[Input for this task Boundary: Start]

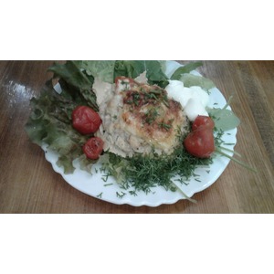 Ну и конечно же украшаем большим количеством зелени с собственного огорода и любимым соусом. К таким котлеткам гарнир не нужен. Они совмещают в себе гарнир и мясное. Приятного аппетита!! |
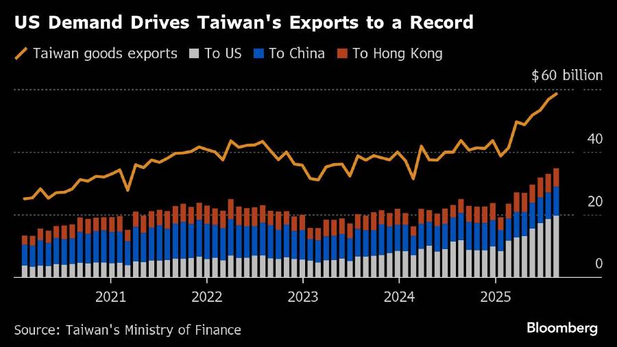 Ekspor Taiwan tumbuh lebih dari perkiraan, mencapai rekor bulanan sebesar US$58,5 miliar, menunjukkan permintaan barang-barang teknologi negara kepulauan itu kuat meski ada tarif baru AS.
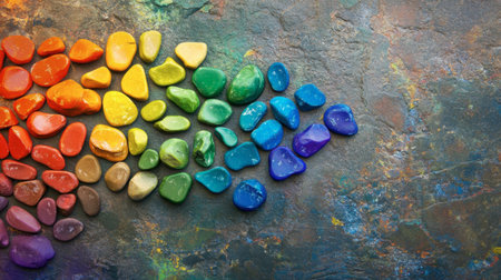 A stunning display of colorful pebbles arranged in a rainbow pattern against a textured surface. This artistic composition evokes feelings of harmony and joy, perfect for creative projects.
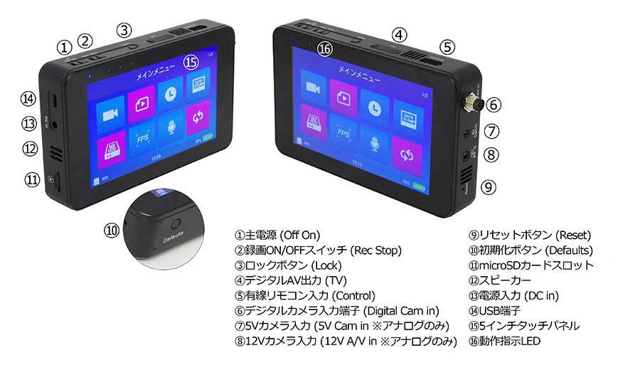 | 入力端子 | 専用デジタルCMOSカメラ入力 x 1、アナログ入力φ2.5(DC5V供給) x 1、 アナログ入力φ3.5(DC12V供給) x 1 ※3 |
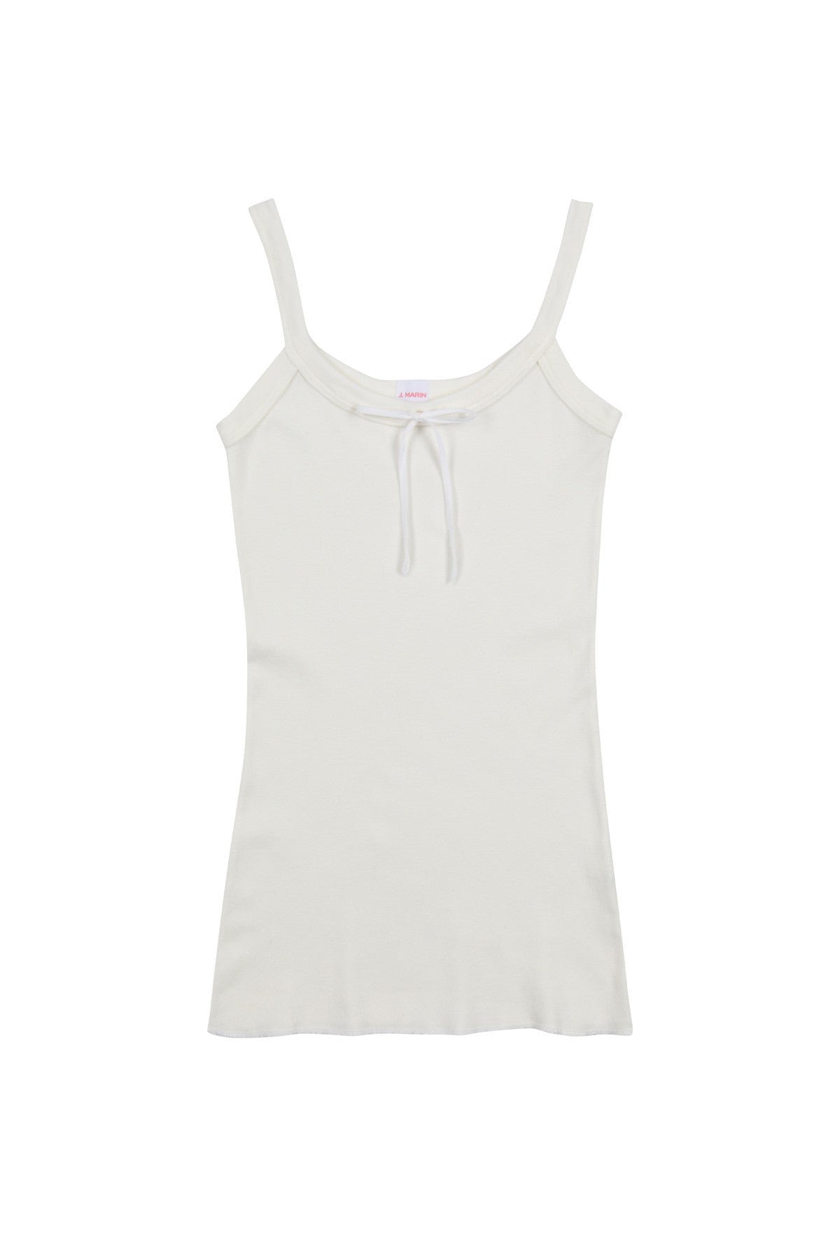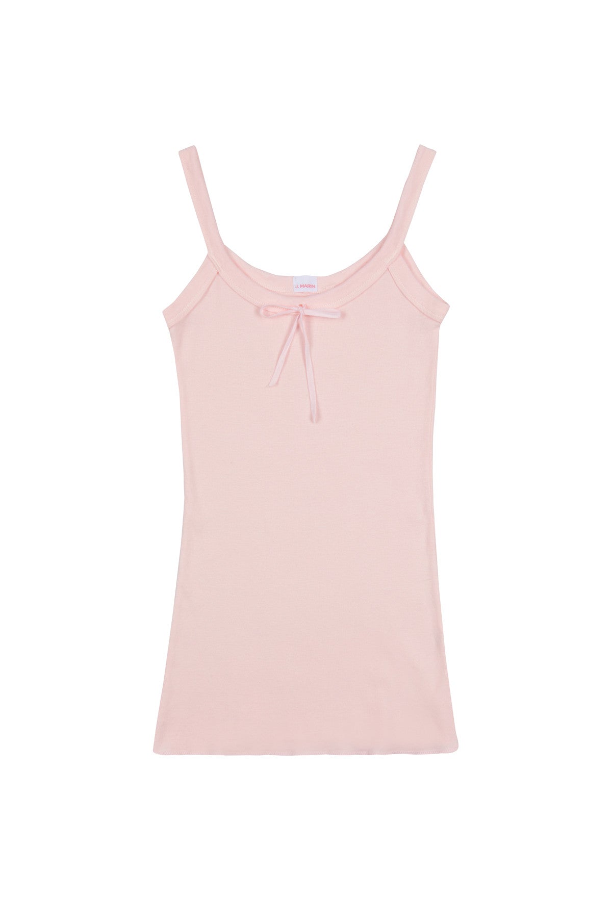 Made from USA-milled organic cotton 1x1 rib, it features delicate spaghetti straps, a gentle scoop neckline, and a flattering, fitted shape with natural stretch. A charming twill drawstring threads through the shoulders and ties into a sweet bow—left uncut for a customizable fit and vintage authenticity (see photo).
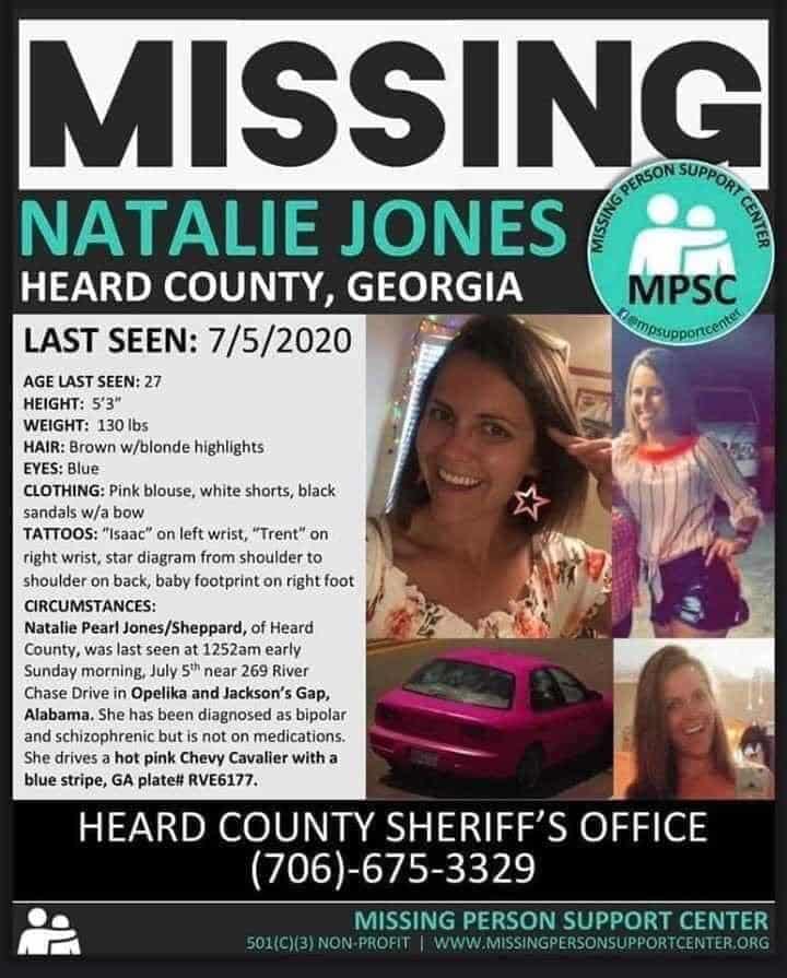 Natalie Jones is from Heard County, Georgia, but was last seen in Alabama! Please if you have any information about this missing woman, contact Heard County authorities.

[Input for this task Boundary: End]

● **Task**: Retype the lines exactly as they appear, beginning with the line that contains "A stunning display" and ending with the final line of the entries, and omit the pictures.

● **Your solution**:
 A stunning display of colorful pebbles arranged in a rainbow pattern against a textured surface. This artistic composition evokes feelings of harmony and joy, perfect for creative projects.
 | 入力端子 | 専用デジタルCMOSカメラ入力 x 1、アナログ入力φ2.5(DC5V供給) x 1、 アナログ入力φ3.5(DC12V供給) x 1 ※3 |
 Made from USA-milled organic cotton 1x1 rib, it features delicate spaghetti straps, a gentle scoop neckline, and a flattering, fitted shape with natural stretch. A charming twill drawstring threads through the shoulders and ties into a sweet bow—left uncut for a customizable fit and vintage authenticity (see photo).
 Natalie Jones is from Heard County, Georgia, but was last seen in Alabama! Please if you have any information about this missing woman, contact Heard County authorities.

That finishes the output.